> **EXERCISE MATERIALS**:
• • • • • • •

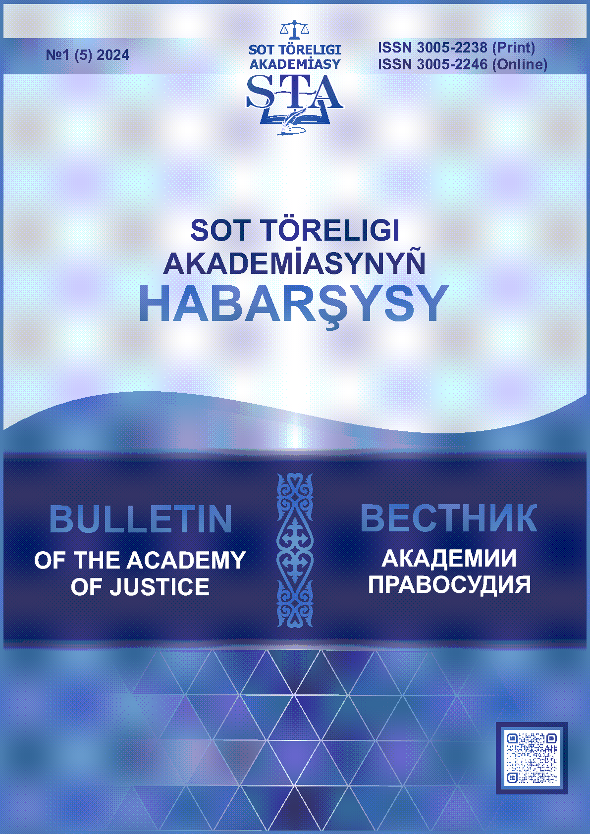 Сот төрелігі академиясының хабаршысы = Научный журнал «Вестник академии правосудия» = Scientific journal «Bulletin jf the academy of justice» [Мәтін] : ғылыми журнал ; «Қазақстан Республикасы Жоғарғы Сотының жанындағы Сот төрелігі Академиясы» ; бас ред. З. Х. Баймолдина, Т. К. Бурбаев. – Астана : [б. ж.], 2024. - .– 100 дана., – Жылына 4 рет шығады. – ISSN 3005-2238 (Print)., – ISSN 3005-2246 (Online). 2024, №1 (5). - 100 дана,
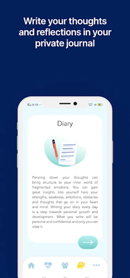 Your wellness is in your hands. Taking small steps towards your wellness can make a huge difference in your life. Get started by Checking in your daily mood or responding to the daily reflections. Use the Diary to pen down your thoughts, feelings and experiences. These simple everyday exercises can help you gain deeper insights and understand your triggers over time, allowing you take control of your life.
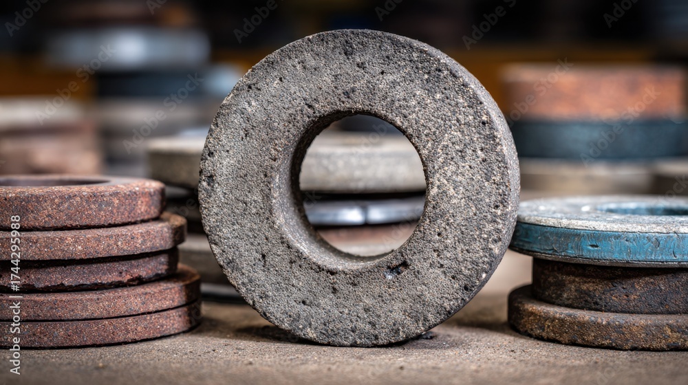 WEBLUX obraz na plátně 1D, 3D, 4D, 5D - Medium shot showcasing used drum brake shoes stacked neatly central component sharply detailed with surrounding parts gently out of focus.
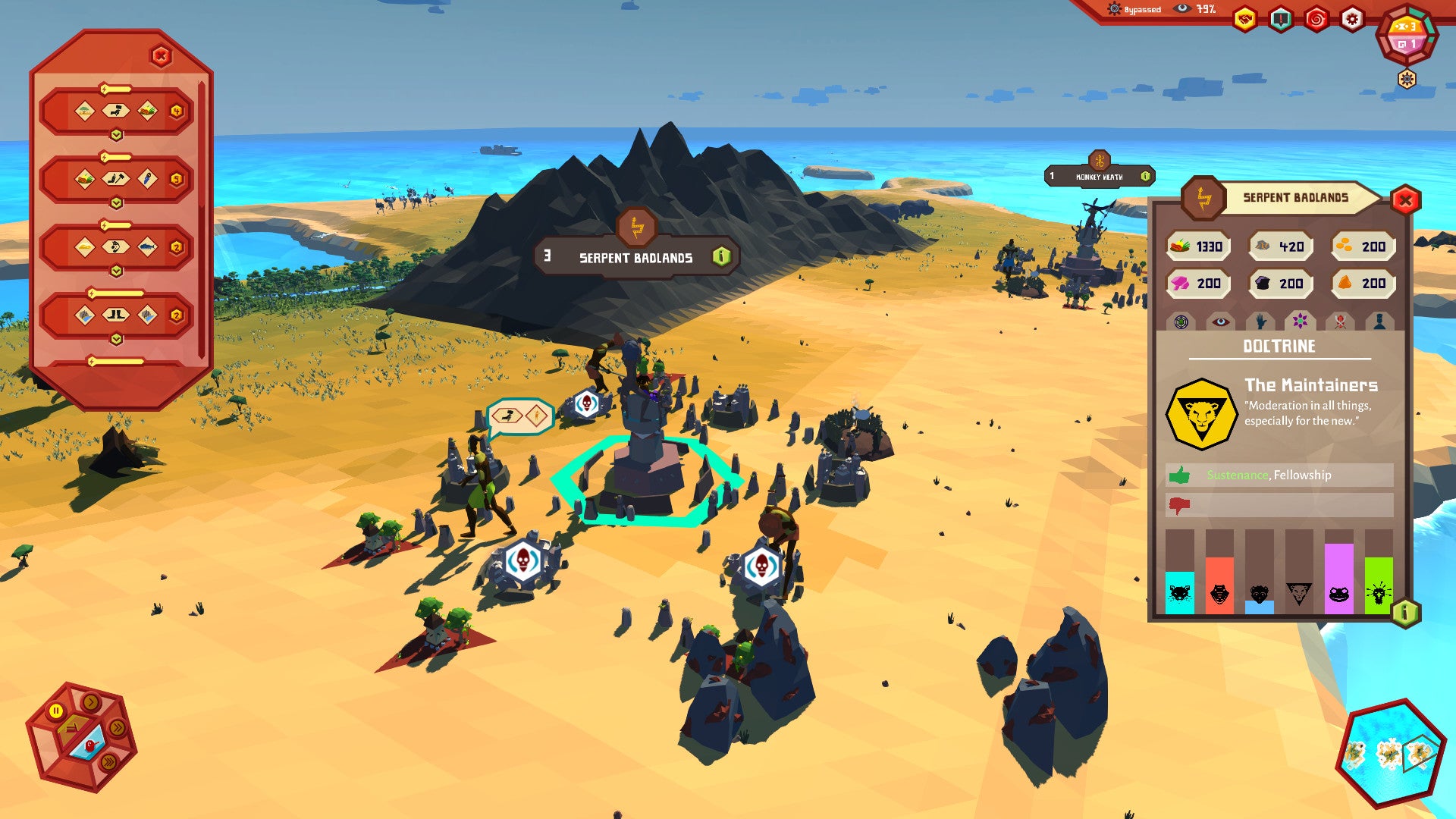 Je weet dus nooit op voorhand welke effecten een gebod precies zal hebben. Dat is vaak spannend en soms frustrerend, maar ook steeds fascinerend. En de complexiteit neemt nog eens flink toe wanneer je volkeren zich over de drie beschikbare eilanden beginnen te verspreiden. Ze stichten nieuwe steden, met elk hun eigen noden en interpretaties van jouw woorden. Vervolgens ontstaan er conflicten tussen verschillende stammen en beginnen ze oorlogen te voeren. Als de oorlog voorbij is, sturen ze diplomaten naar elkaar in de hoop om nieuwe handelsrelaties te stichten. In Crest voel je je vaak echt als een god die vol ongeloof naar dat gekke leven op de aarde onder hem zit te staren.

• • • • • • •

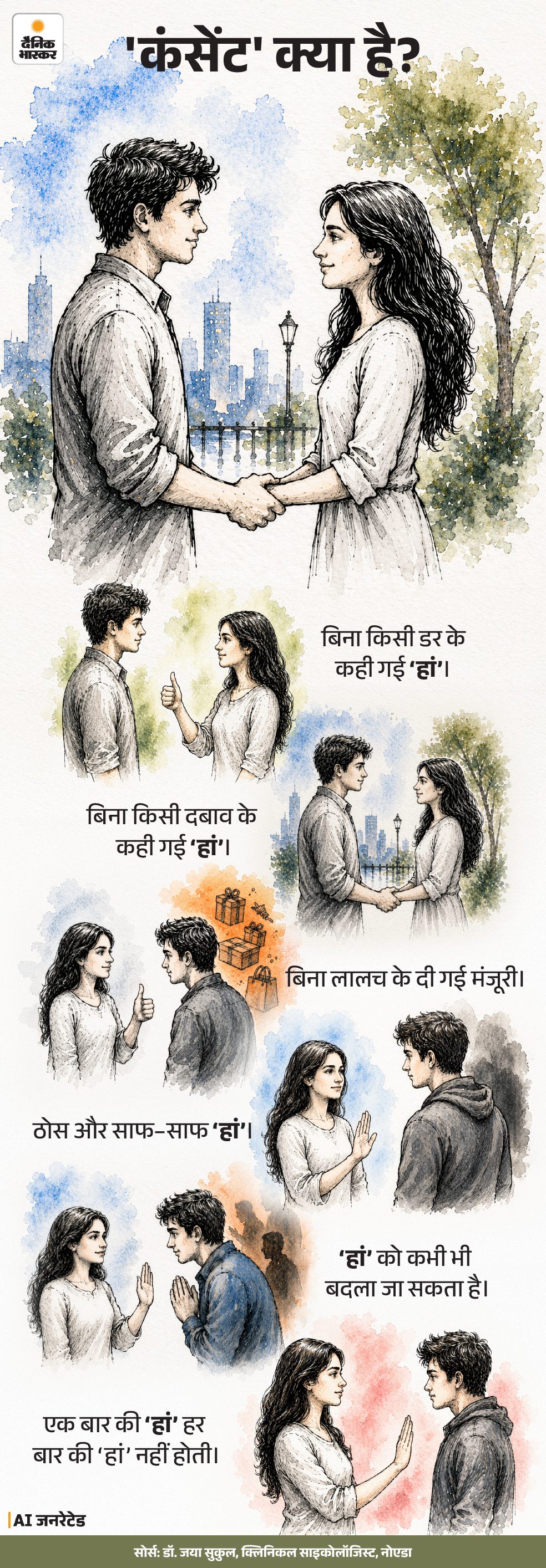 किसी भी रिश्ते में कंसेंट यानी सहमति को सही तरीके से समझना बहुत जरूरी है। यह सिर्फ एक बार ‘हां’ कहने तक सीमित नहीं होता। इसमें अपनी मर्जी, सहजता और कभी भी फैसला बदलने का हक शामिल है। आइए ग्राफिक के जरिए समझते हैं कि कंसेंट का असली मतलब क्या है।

• • • • • • •

> **TO DO**: Go back to the lines above and output, exactly as they stand, the ones from the line containing "Your wellness is" to the line containing "WEBLUX obraz na". Leave all pictures behind.

> **ANSWER TO THE PROBLEM**:
 Your wellness is in your hands. Taking small steps towards your wellness can make a huge difference in your life. Get started by Checking in your daily mood or responding to the daily reflections. Use the Diary to pen down your thoughts, feelings and experiences. These simple everyday exercises can help you gain deeper insights and understand your triggers over time, allowing you take control of your life.
 WEBLUX obraz na plátně 1D, 3D, 4D, 5D - Medium shot showcasing used drum brake shoes stacked neatly central component sharply detailed with surrounding parts gently out of focus.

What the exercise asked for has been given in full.